What the task requires:
Word for word, write the records out again, but omit each picture.

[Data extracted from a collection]
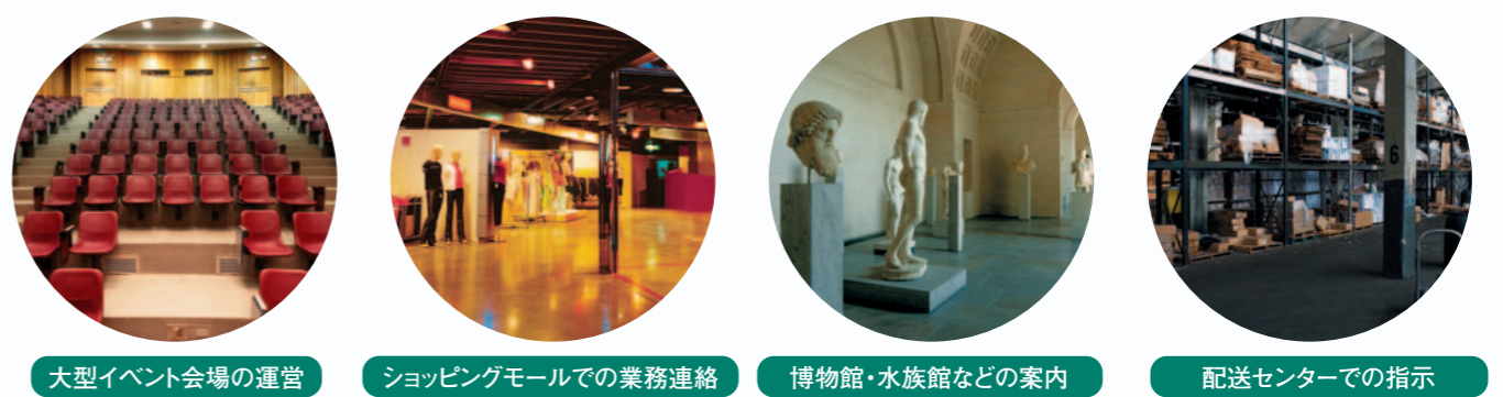
大型イベント会場の運営 ショッピングモールでの業務連絡 博物館・水族館などの案内 配送センターでの指示
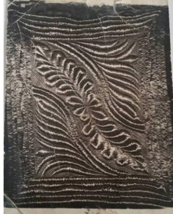
Şekil 16. Söğüt dalı

Şekil 14 de “Halı Deseni”, 15’de ise “Göbekli” kompozisyonuna sahip İsmet Kartal Usta’nın 1990 yılında diktirdiği, 190cmx200cm ebadında çift kişilik yorganlar görülmektedir. Yorganların yüzü atlas, astarı mermerşahi kumaşından dikilmiştir. Usta, bu yorganları sahiplerine teslim etmeden önce fotoğraflarını çektilerip desen kataloğuna eklemiştir.
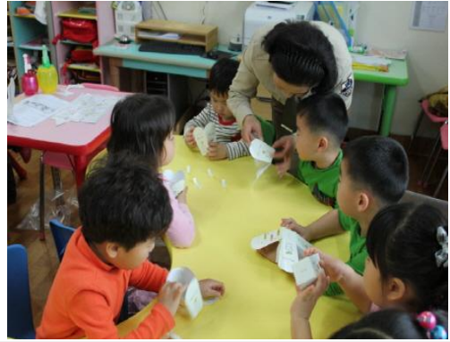
(운영사진_접어서 상자 완성하는 모습)
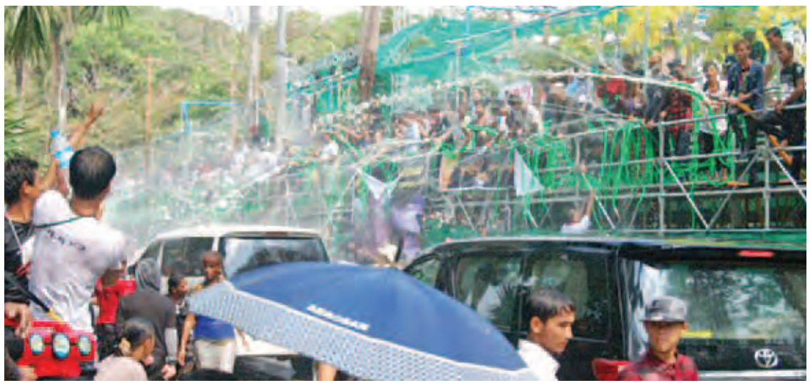
သင်္ကြန်အကြိမ်နေ့က ရန်ကုန်တိုင်းဒေသကြီး မင်္ဂလာတောင်ညွန့်မြို့နယ် ကန်တော်ကြီးကန်ပတ်လမ်းတစ်လျှောက်ရှိ ရေကစားမဏ္ဍပ်များ၌ စည်ကားအေးချမ်းစွာဖြင့် ပြည်သူများ ပျော်ရွှင်စွာရေကစားနေကြစဉ်။

သင်္ကြန်ကားမျိုးစုံကို မြင်တွေ့ရသကဲ့သို့ ဇိမ်ခံကားများကိုလည်း ဘေးတံခါးနှင့် နောက်ပိတ်တံခါးများဖြတ်ပြီး ကားအမိုးပေါ်ထိတက်၍ ကခုန်မှုကို လည်း တွေ့ရသည်။

Answer section:
大型イベント会場の運営 ショッピングモールでの業務連絡 博物館・水族館などの案内 配送センターでの指示
Şekil 16. Söğüt dalı

Şekil 14 de “Halı Deseni”, 15’de ise “Göbekli” kompozisyonuna sahip İsmet Kartal Usta’nın 1990 yılında diktirdiği, 190cmx200cm ebadında çift kişilik yorganlar görülmektedir. Yorganların yüzü atlas, astarı mermerşahi kumaşından dikilmiştir. Usta, bu yorganları sahiplerine teslim etmeden önce fotoğraflarını çektilerip desen kataloğuna eklemiştir.
(운영사진_접어서 상자 완성하는 모습)
သင်္ကြန်အကြိမ်နေ့က ရန်ကုန်တိုင်းဒေသကြီး မင်္ဂလာတောင်ညွန့်မြို့နယ် ကန်တော်ကြီးကန်ပတ်လမ်းတစ်လျှောက်ရှိ ရေကစားမဏ္ဍပ်များ၌ စည်ကားအေးချမ်းစွာဖြင့် ပြည်သူများ ပျော်ရွှင်စွာရေကစားနေကြစဉ်။

သင်္ကြန်ကားမျိုးစုံကို မြင်တွေ့ရသကဲ့သို့ ဇိမ်ခံကားများကိုလည်း ဘေးတံခါးနှင့် နောက်ပိတ်တံခါးများဖြတ်ပြီး ကားအမိုးပေါ်ထိတက်၍ ကခုန်မှုကို လည်း တွေ့ရသည်။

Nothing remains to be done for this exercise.